According to Slavoj Zizek, capitalism "mercilessly destroys the authentic aura of nobility, the sacred, and honour".
Monday, January 21, 2019
Maurice Ulrich
L’Actualité du Manifeste du Parti communiste (Actuality of the Communist Party Manifesto) Slavoj Zizek Fayard, 100 pages, 12 euros
The Slovenian philosopher Slavoj Zizek refers to the relevance of Marx and Engels’ famous text in terms that require at least some caution.
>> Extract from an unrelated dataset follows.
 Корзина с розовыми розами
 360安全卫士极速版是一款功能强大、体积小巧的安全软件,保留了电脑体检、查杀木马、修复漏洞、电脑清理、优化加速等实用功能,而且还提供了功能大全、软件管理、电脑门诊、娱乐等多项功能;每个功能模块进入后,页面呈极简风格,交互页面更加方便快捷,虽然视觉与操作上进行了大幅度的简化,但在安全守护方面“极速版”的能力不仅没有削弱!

It seems difficult from the outset to be cautious when a renowned philosopher, in this case Slavoj Zizek, claiming to be communists, Marxist and psychoanalyst on the Lacan side, publishes a short book soberly entitled l’Actualité du Manifeste du Parti communiste, namely the text published in 1848 by Marx and Engels. From the outset, therefore, the author asks: is this text still relevant today? And he answers himself: "In principle, yes, because he describes wonderfully the crazy dance of the capitalist dynamic that has only just reached its peak a century and a half later, but..." But... because today’s working class no longer corresponds to what it was in Marx’s time. This is obviously partly true and even if in a country like France there are still six million workers, it is true that we can no longer deduce mechanically that it is the revolutionary class in the 19th century. But what is the working class? What about, for example, a Silicon Valley engineer? This is not Zizek’s point because, for him, "people in need are no longer workers or workers". We move lightly on the notion of exploitation to jump to the fact of being "in need".
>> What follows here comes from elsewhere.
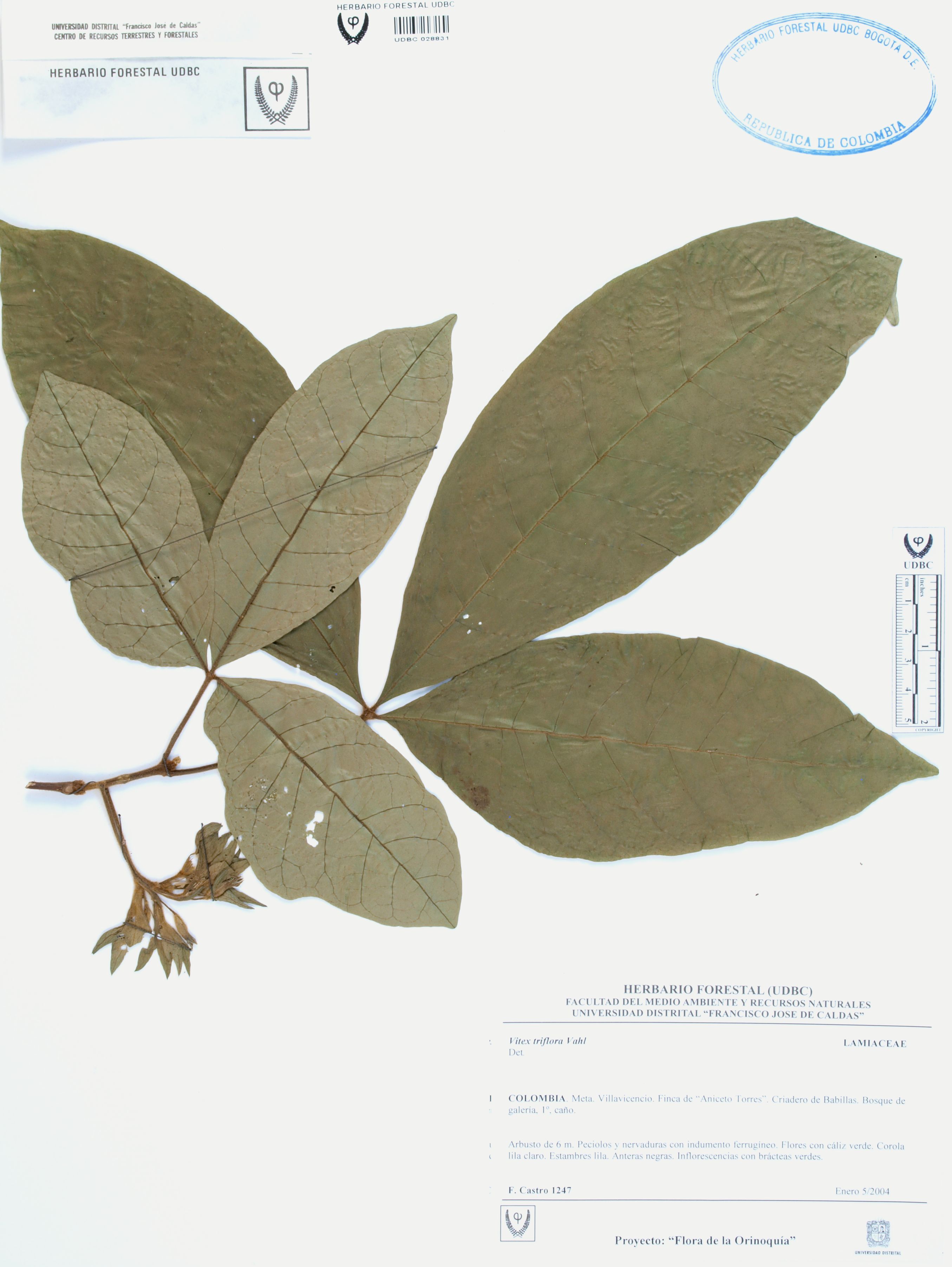 Fotografía del ejemplar Castro, F. 1247, determinado como Vitex triflora

A counter-reading of what Marx and Engels thought
Even more questioning is the reference to "the brutal imposition of a unified global market that threatens all local ethnic traditions, including the form of the nation-state". The rapprochement thus induced between ethnic tradition and the nation-state is not without its problems, but the author sees there, what is well written in the Manifesto, the fact that the bourgeoisie cannot exist without revolutionizing the instruments and relations of production as well as all social relations. Certainly, except that the reading he then makes of it seems to us to go against the direction of what Marx and Engels thought. They also note that the bourgeoisie has destroyed "feudal, patriarchal and idyllic relations". What Zizek gets out of it is that capitalism "mercilessly destroys the authentic aura of nobility, the sacred or honour". But for Marx and Engels, it is a dialectical moment whose overcoming (the negation of negation) leads to a completely different rebuilding of human relations when "religious and political illusions" have thus been destroyed. The same applies to structures and production relations. It is their destruction by the rise of capitalism that creates for them the conditions for surpassing it. There is no nostalgia there, but the idea of the movement that abolishes an existing state of affairs.

The questions redouble when the author comes to write that, in the absence of a working class that is now "unavailable or absent", Western Marxism has come to solicit subordinate classes: "Third World peasants, students, intellectuals, excluded and marginalized. "And, according to him, the latest version of this idea would concern refugees: "Only the influx of a large number of refugees can revitalise the radical European left. "This line of thought is deeply obscenely cynical. It would be a project consisting in "closing the hole of the missing proletarians by importing them from abroad". We wonder where the cynicism is. This is not the place for a more in-depth analysis of Zizek’s singular rereading of the Manifesto, but what is clear is that it cannot be received without much caution.